# Directions for this task
Drop all pictures and repeat exactly the lines from the line holding "2024年,一般工业固体废物" through the end of the records.

# The records
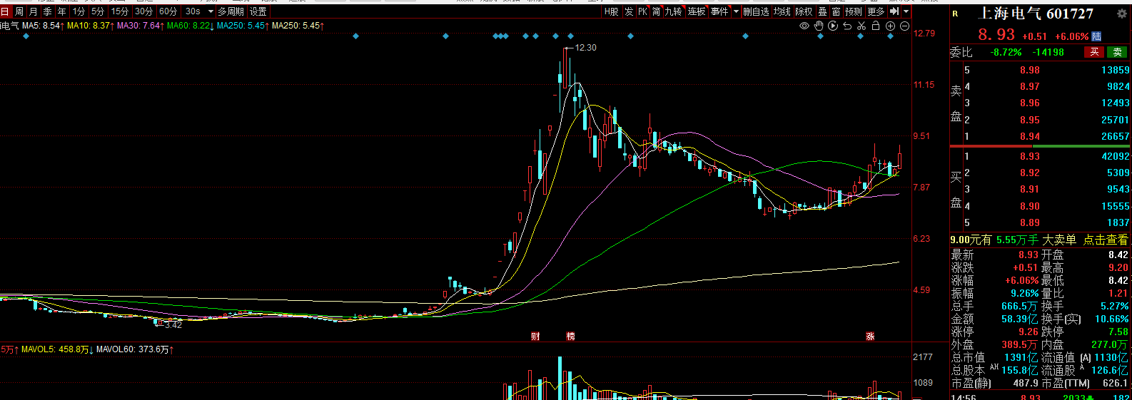 $上海电气(SH601727)$上海电气601727:公司是电力设备+智能电网+人形机器人概念股,领先的风电核电机组、燃气轮机、输配电设备等装备制造集团。现在的市场高低切换明显,上海电气现在位置低是一个很重要的加分项目,同时公司的题材和基本面还是不错的,下方多条均线都是拐头向上,无论是从基本面技、技术面还是位置来看,这样的个股都是容易受到市场的青睐,短中期的趋势都是向上的,行情还没有结束,后面依然还是有望走出波段性的行情,关注水下的承接。
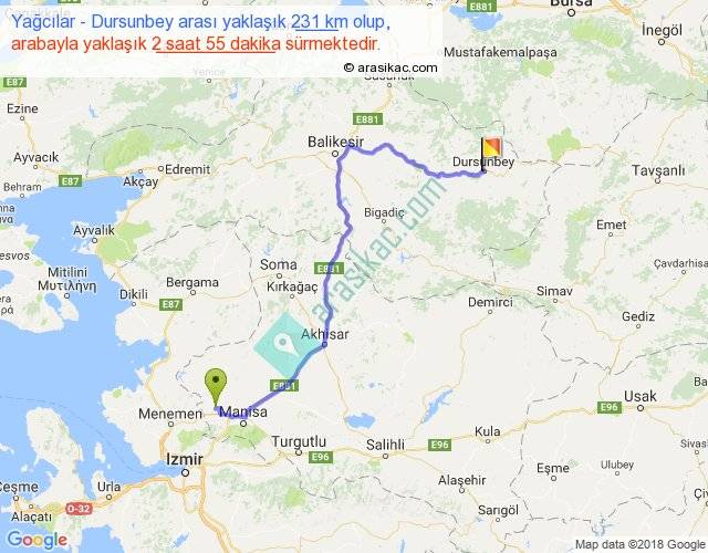 Yağcılar - Dursunbey arası yaklaşık olarak 90 km/h ile yukarıda belirtilen sürede olup, iki yerin kuş uçuşu uzaklığı (mesafesi) 153'dir. Yolculuk otobüsle 3 saat 47 dakika sürmektedir.
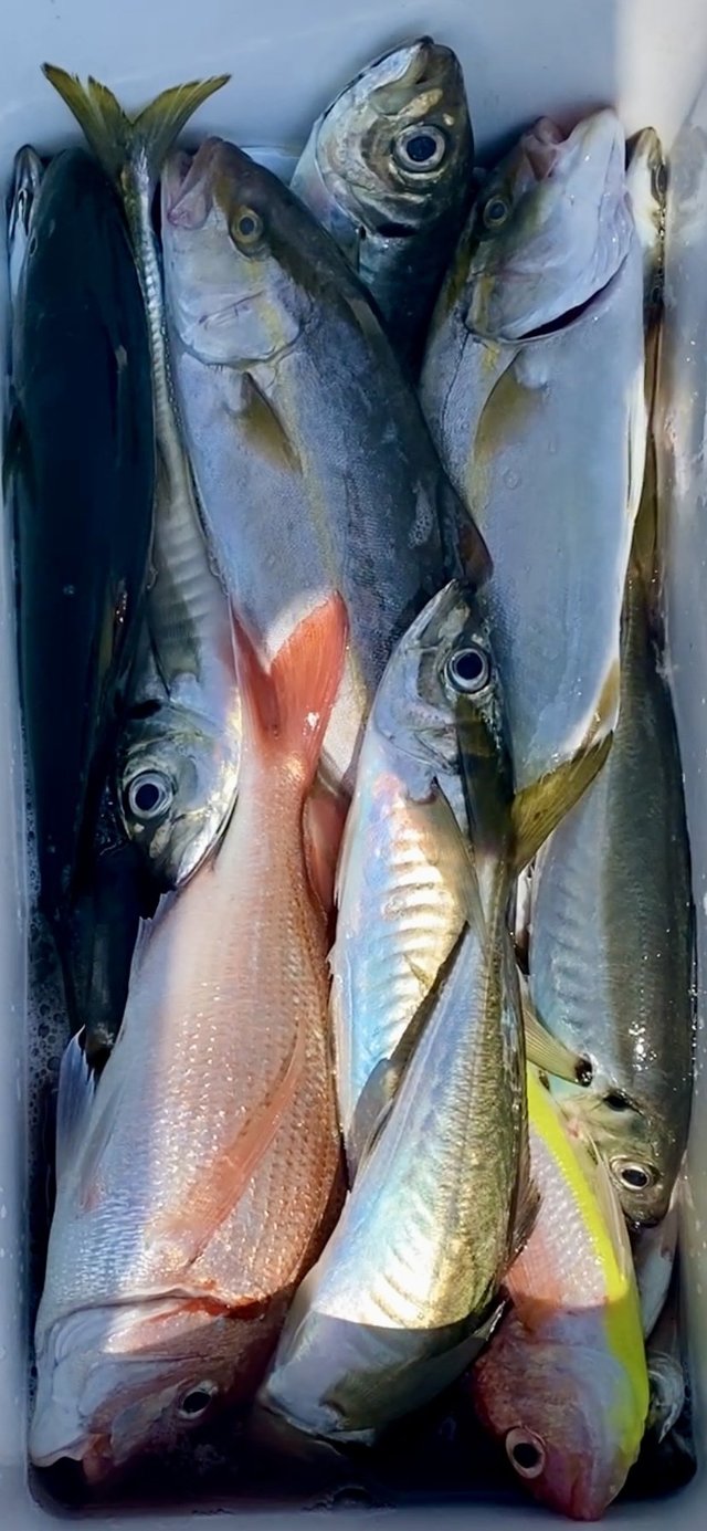 (カンパチ)30~45cm 1~11匹 アジ 17~22cm 10~43匹 ワカシ イナダ クロダイ 0~2匹 ソーダガツオ 2~15匹 マダイ サバ イトヨリ カサゴ アカハタ 今日は1日青物五目乗合船で出船しました! 朝の浅場の金アジはポツポツと ショゴ・イナダも釣れたりしました! ショゴにしてはサイズ良いやつもいました! その後はウロウロ、サバ、イトヨリ、カサゴ、アカハタ など釣れてラストはウルメ反応ある場所行き イナダ・ワカシ・クロダイなど釣れて 皆様、イナダ・ワカシ顔見れました! 他にソーダガツオなどもいたりしてお土産になりました! 親子ペアの方達も頑張って楽しんでもらえて良かったです! 本日ご乗船の皆様、ありがとうございました! またのご乗船をお待ちしております。 明日、明後日はまだご予約無く…。 皆様からのご予約をお待ちしております! ⬛5038;ショート青物五目乗合は 朝の涼しいうちに釣りをして暑くなる前に戻り 朝は釣り、午後はゆっくりお過ごし出来ます。 また、お子さんが長時間釣りが出来るか心配な方もお試しには丁度良いかと! 1日船とショート船ご予約の際にお申し付けください。 ショート船は8/31(日)まで出船します! 8、9月も平日、土日共に空席多数! 皆様からのご予約をお待ちしております。 来週以降も空き多数ですので 皆様からのご予約をお待ちしております。 仕立船の募集もしておりますのでご相談ください。 料金、その他はHPのプラン・料金を押してください。 ⬛︎1日青物五目乗合船 8/30(土)、 9/5(金)、9/6(土)、9/7(日)、 9/8(月)、9/14(日)、出船確定! ご乗船お待ちしております。 ⬛︎ショート青物五目乗合船 8/23(土)出船確定 8/31までの限定出船! ご予約をお待ちしております。 ⬛︎スポットLT中深場五目乗合 ご予約お待ちしております。
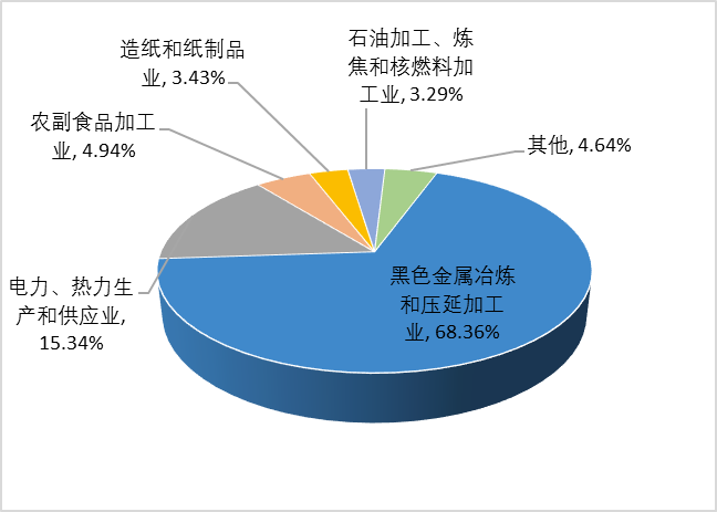 2024年,一般工业固体废物产生量排名前5的行业依次为黑色金属冶炼和压延加工业、电力、热力生产和供应业、农副食品加工业、造纸和纸制品业、石油加工、炼焦和核燃料加工业,分别占全市一般工业固体废物产生量的68.36%、15.34%、4.94%、3.43%、3.29%,详细情况见图 1。
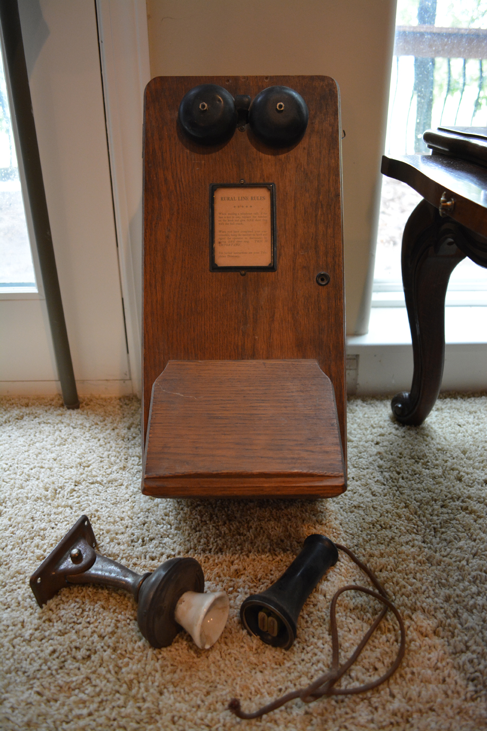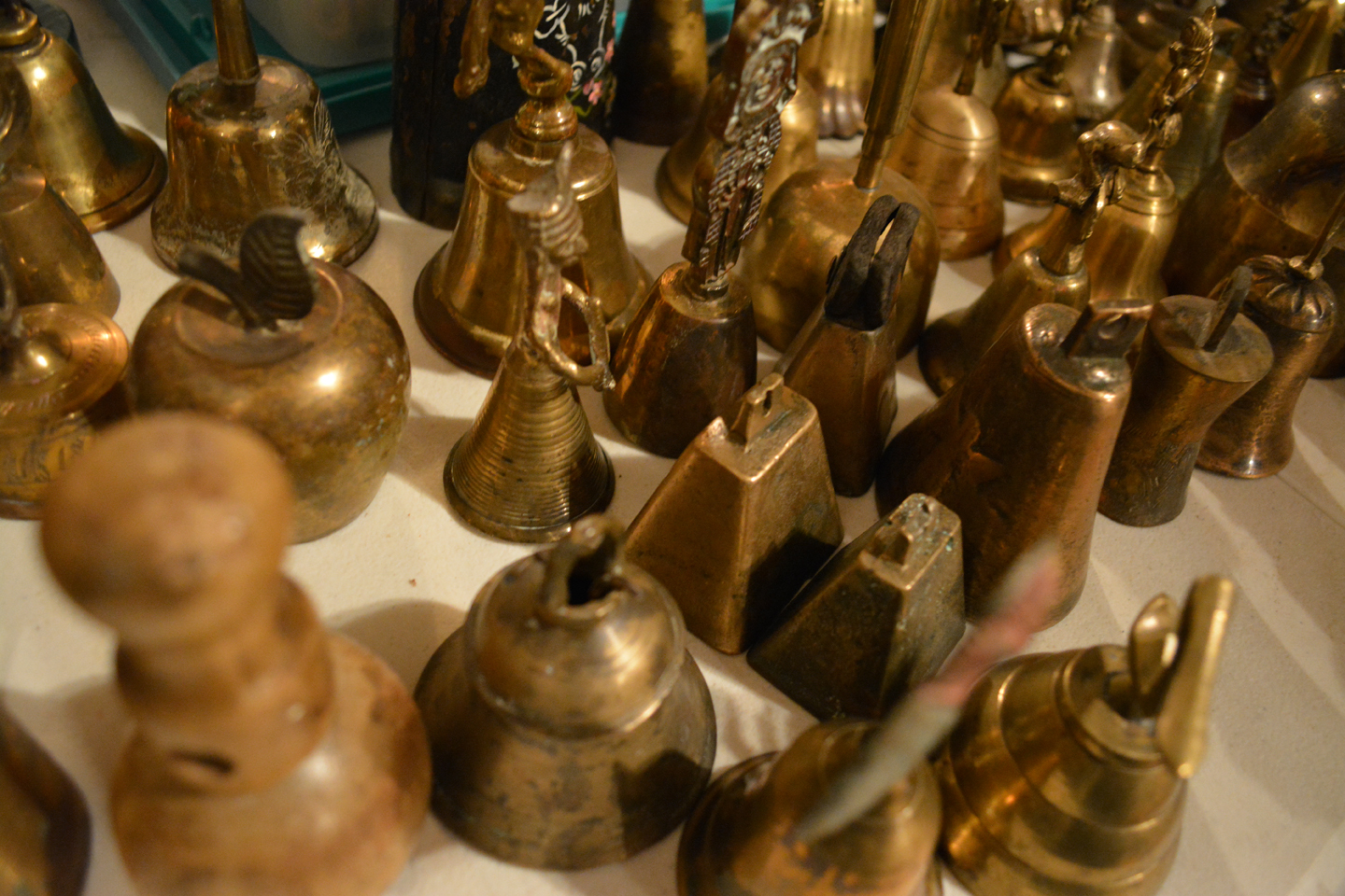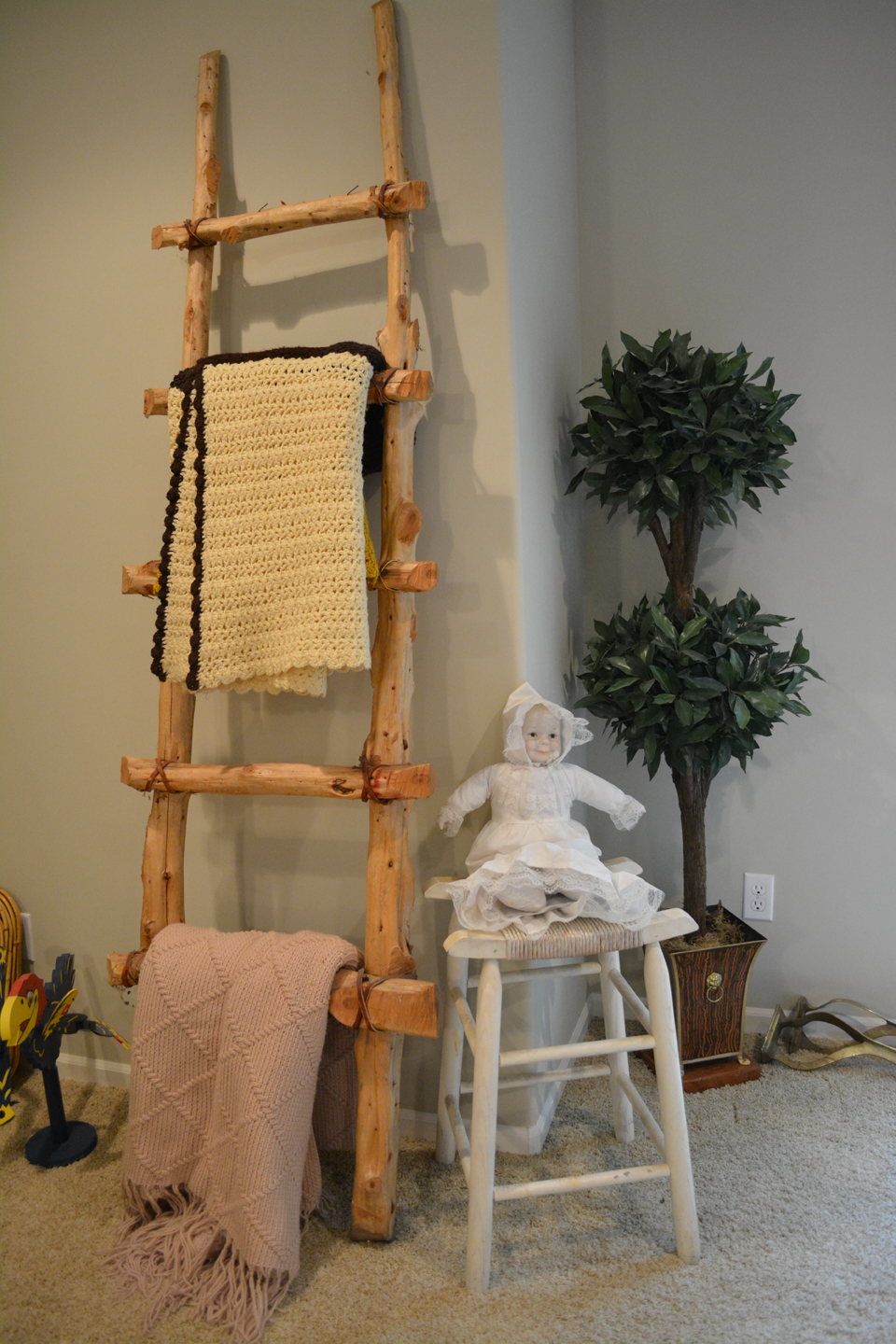 Tables full of those smalls that we all love to peruse, primitive ladder, glass insulators, bell collection, Precious Moments Nativity scene, nice Santas, antique wall phone, Queen Posturepedic mattress . ..

# Response area
 2024年,一般工业固体废物产生量排名前5的行业依次为黑色金属冶炼和压延加工业、电力、热力生产和供应业、农副食品加工业、造纸和纸制品业、石油加工、炼焦和核燃料加工业,分别占全市一般工业固体废物产生量的68.36%、15.34%、4.94%、3.43%、3.29%,详细情况见图 1。
 Tables full of those smalls that we all love to peruse, primitive ladder, glass insulators, bell collection, Precious Moments Nativity scene, nice Santas, antique wall phone, Queen Posturepedic mattress . ..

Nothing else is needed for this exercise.